ГЛАМУРНОСТЬ В ЛИТЕРАТУРЕ

от фр. glamour – чары, волшебство; романтический ореол; роскошь, шик.
   Пародия на гламурность появилась в нашей литературе раньше, чем само это слово возникло, а затем и закрепилось в русском языке. Речь идет, разумеется, о стихах и прозе куртуазных маньеристов (Вадим Степанцов, Андрей Добрынин, Константэн Григорьев, Виктор Пеленягрэ и др.) с их утрированным культом гедонизма, пристрастием ко всему шикарному и стремлением возвести искусство поэзии, – как было сказано в их Манифесте, – «до высот восхитительной светской болтовни, каковой она была в салонах времен царствования Людовика-Солнце и позже, вплоть до печально знаменитой эпохи “вдовы” Робеспьера».
   Фигуранты гламурной культуры, уже успевшей сложиться в российском модельном, ресторанном, рекламном и шоу-бизнесе, в кинематографе, изобразительном искусстве и системе средств массовой информации, но до сих пор бледновато представленной в литературе, действительно хотели бы возвести свое происхождение к обычаям, нравам и стилистике поведения аристократической, великосветской среды. Впрочем, сторонним наблюдателям в качестве провозвестников гламура чаще приходят на ум дивы полусвета второй половины XIX века, столь ярко отпортретированные Эмилем Золя, Ги де Мопассаном и Анри де Тулуз-Лотреком, а также русские денди 1910-1920-х годов, привлекшие внимание Александра Блока, и стиляги 1950-1960-х, знакомые читателям по книгам Василия Аксенова и Александра Кабакова. Что же касается ожесточенных критиков гламура, то они чаще всего поминают не столько поэзы Игоря Северянина и романсы Александра Вертинского, сколько Эллочку-людоедку с ее изысканными культурными запросами и шкурой «мексиканского тушкана», воспетой Ильей Ильфом и Евгением Петровым.
   Худородность происхождения, само собою, не только не мешает, но напротив, способствует стремлению волонтеров гламурности любым способом выделиться, противопоставить себя общему демократическому (простонародному) стилю эпохи, манерою одеваться, говорить, реагировать на те или иные раздражители заявляя о своей избранности и исключительности.
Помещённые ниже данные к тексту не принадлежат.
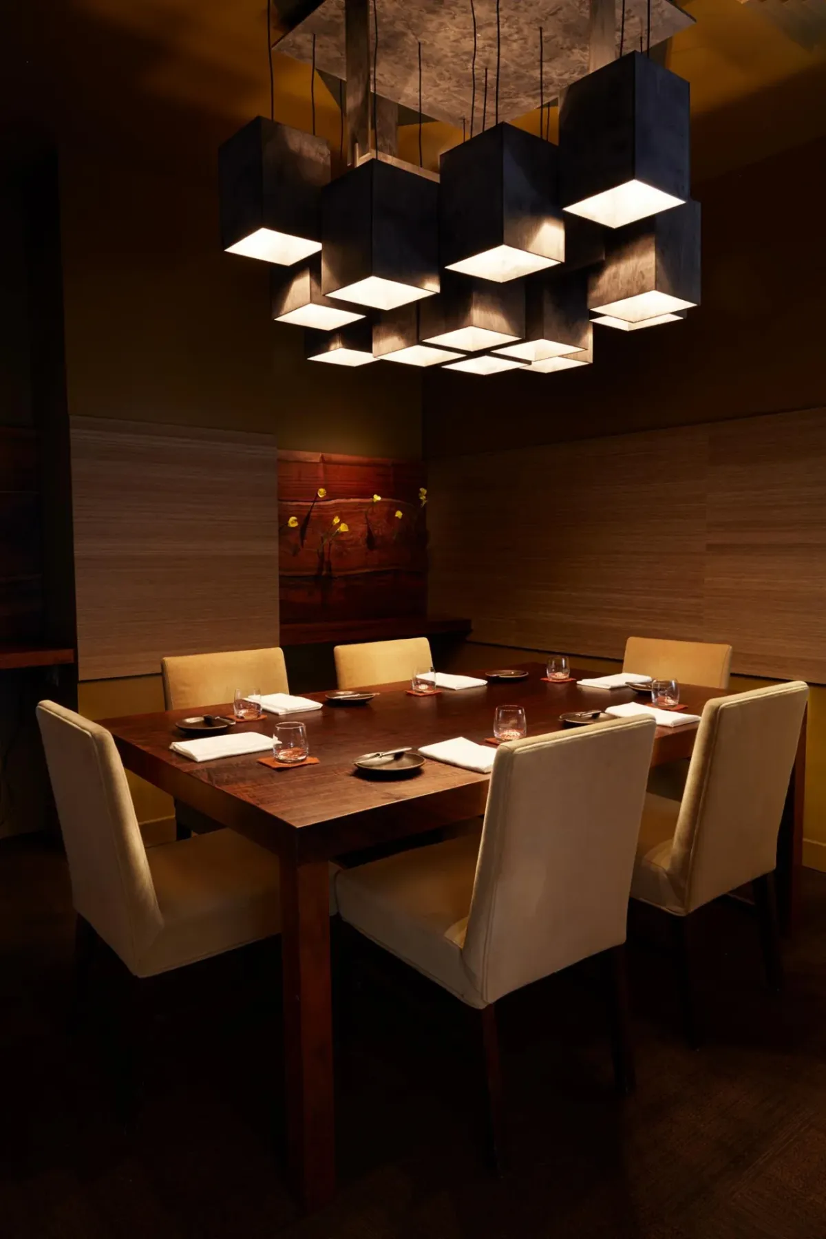 Interiér restaurace Coi je minimalistický a moderní, navržený tak, aby hosté mohli plně ocenit každé jídlo bez zbytečných rozptýlení. Prostor je jednoduchý, ale elegantní, s jemným osvětlením, které vytváří intimní atmosféru vhodnou pro klidnou večeři plnou kulinářských objevů.
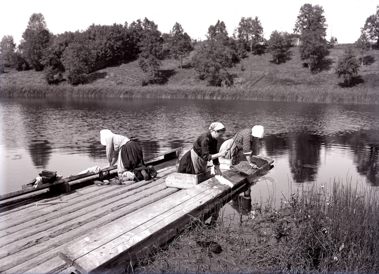 Tre kvinnor tvättar kläder vid bryggan 1920-1930.
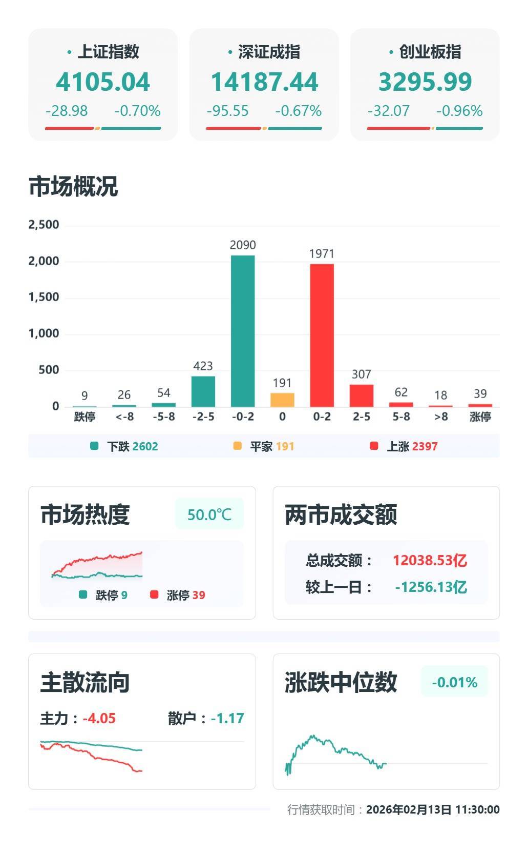 早盘A股三大指数低开低走,截至午间收盘,沪指跌0.7%,报4105.04点,深成指跌0.67%股票配资股票配资,报14187.44点,创业板指跌0.96%,报3295.99点,科创50指数跌0.09%,报1479.67点。量能大幅萎缩,沪深两市合计成交额12038.58亿元,较上个交易日缩量1256亿,全市场超2600股下跌。

Мода и вкус, конфликтующе соединенные «в одном флаконе» – вот ключевые понятия для гламурной культуры, которые у некоторых наблюдателей вызывают ассоциации со стильностью, элегантностью, рафинированностью как безусловно положительными качествами, а у других, совсем наоборот, связываются с манерностью, вычурностью, фальшивостью и демонстративной неискренностью. Оценка гламура, таким образом, зависит только и исключительно от личной вкусовой позиции оценивающего. Яркий пример чему – отношение к такой эталонной фигуре русского гламура, как писательница, сценарист, режиссер и актриса Рената Литвинова. По характеристике Татьяны Москвиной, ее «парадоксальная и цитатная женственность кажется кому-то вычурной и искусственно сконструированной. Блондинка, сама себе пишущая тексты и предъявляющая дырявому рубищу земной жизни слишком высокие эстетические требования, утонченный дух, небезуспешно навязывающий смутному и равнодушному времени свои занятные художественные вымыслы, женский голос человека, талантливо недоумевающий там, где иные хором утверждают, – одно из неопровержимых доказательств торжества и силы Бытия».
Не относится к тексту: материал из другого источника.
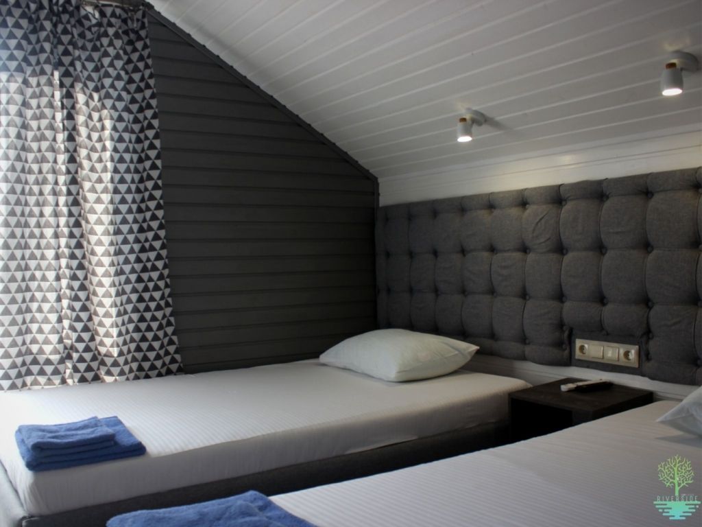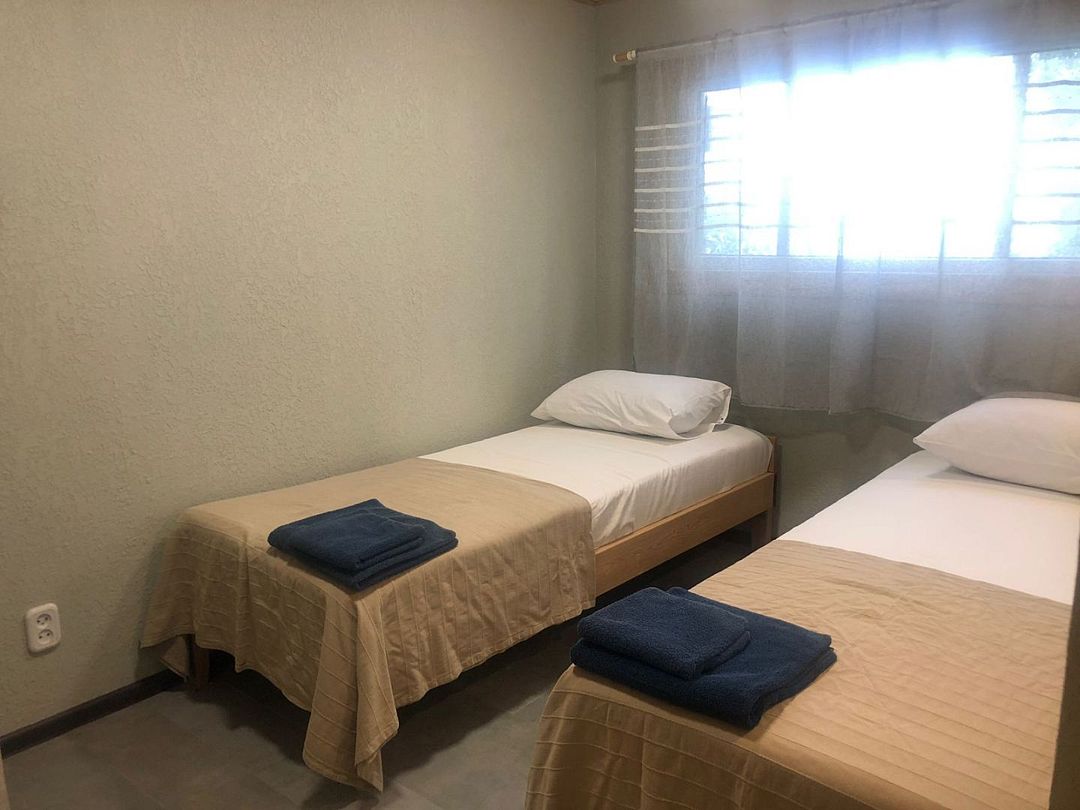 Две широкие односпальные кровати, а также спокойный дизайн номера помогут забыть о городском шуме и суете и полноценно отдохнуть.
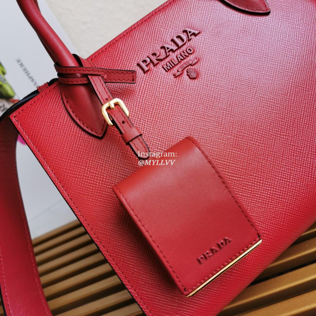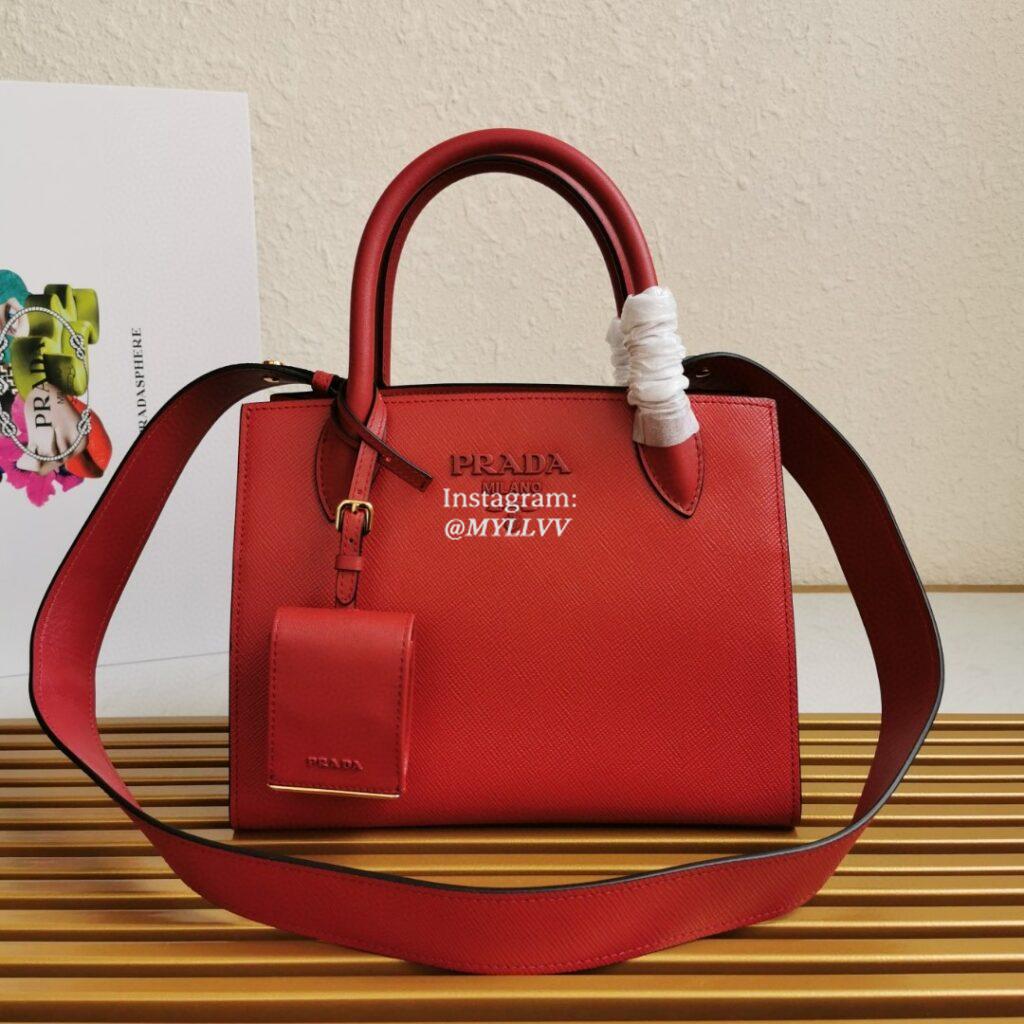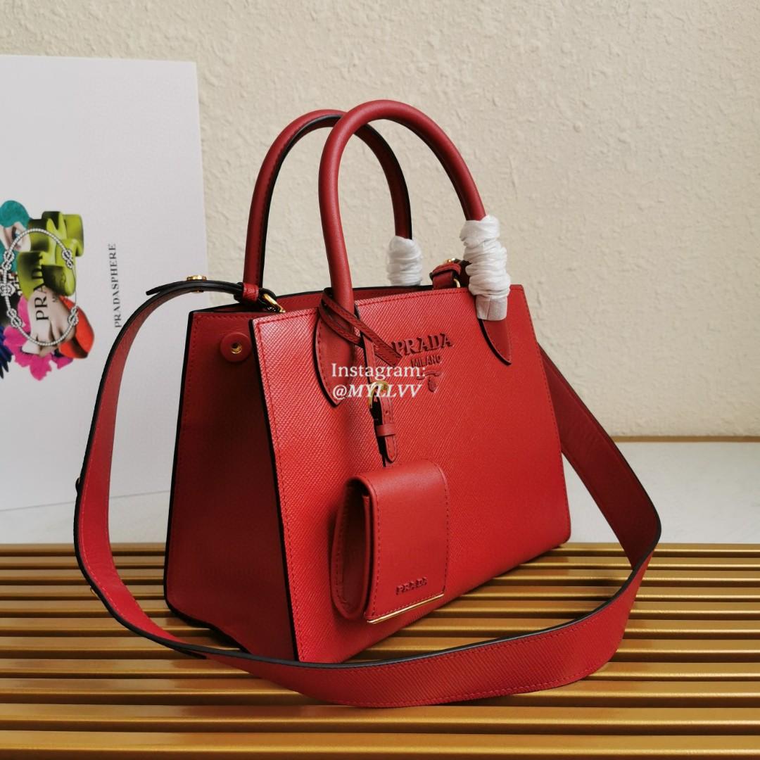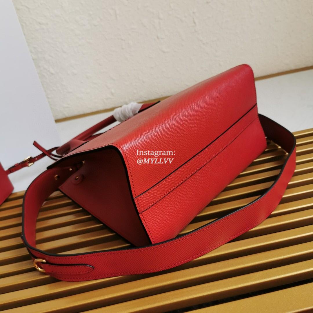 Top Quality Version:MYLLVV » Prada Red Small Saffiano Leather Prada Monochrome Bag 1BA156
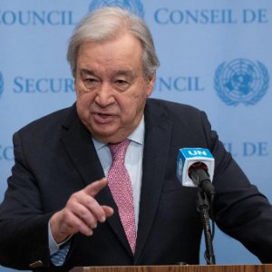 4月8日,在位于纽约的联合国总部,联合国秘书长古特雷斯出席记者会。

   Приведенная выше цитата интересна еще и как демонстрация гламурной стилистики, – возможно, обаятельной, но, безусловно, манерной, намекающей на тайны и смыслы, понятные лишь посвященным и избранным. В числе этих посвященных, разумеется, хотели бы оказаться многие, отчего и правомерно говорить не только об экстраординарности фигурантов гламура, но и о его принимаемом по умолчанию стандарте. «Если вы заказываете в кафе на завтрак мюсли с йогуртом, можете безошибочно определить марку одежды вашего знакомого ‹…›, точно знаете, какой музыкант спал с какой моделью, если у вас есть личный тренер и даже к незнакомым людям вы обращаетесь “зайка”, то, скорее всего, вы могли бы стать героем “Гламорамы”», – говорит рецензент газеты «Iностранец» (29.03.2004) о переводном романе Брета Истона Эллиса. То же, пожалуй, могли бы сказать и рецензенты романа Евгения Гришковца «Рубашка», который прочитывается как наиболее полный (на сегодняшний день) каталог модных стандартов столичной офис-интеллигенции начала XXI века.
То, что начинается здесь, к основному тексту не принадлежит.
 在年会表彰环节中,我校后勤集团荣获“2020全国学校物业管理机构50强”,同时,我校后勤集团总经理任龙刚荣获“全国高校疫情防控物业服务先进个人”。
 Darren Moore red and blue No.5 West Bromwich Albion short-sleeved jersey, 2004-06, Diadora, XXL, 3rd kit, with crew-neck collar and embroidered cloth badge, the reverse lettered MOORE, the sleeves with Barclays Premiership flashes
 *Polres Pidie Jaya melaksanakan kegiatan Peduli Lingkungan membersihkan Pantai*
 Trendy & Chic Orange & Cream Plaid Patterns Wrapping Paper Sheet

   Журналы «Glamour», «Vogue», «Афиша» и едва ли не вся наша «глянцевая» пресса, равно как и многие телевизионные передачи, а также ставшая в России бестселлером книга нью-йоркского журналиста Майкла Флокера «Метросексуал: Гид по стилю» – превосходные самоучители гламурности, и можно не сомневаться, что при следующих изданиях предложенный вам Словарь будет пополнен именами авторов и названиями произведений, демонстрирующих «нескромное обаяние буржуазии».
   См. ВКУС ЛИТЕРАТУРНЫЙ; ГЕЙ-ЛИТЕРАТУРА; ГЕНДЕРНЫЙ ПОДХОД В ЛИТЕРАТУРЕ; МИДДЛ-ЛИТЕРАТУРА; МОДА ЛИТЕРАТУРНАЯ

ГРАЖДАНСКАЯ ВОЙНА В ЛИТЕРАТУРЕ

   Если судить по статье Владимира Вигилянского, который одним из первых употребил это выражение в печати («Огонек», август. 1988), то гражданская война в литературе начиналась, как и положено, – не с идеологии или эстетики, а с вопросов собственности и власти.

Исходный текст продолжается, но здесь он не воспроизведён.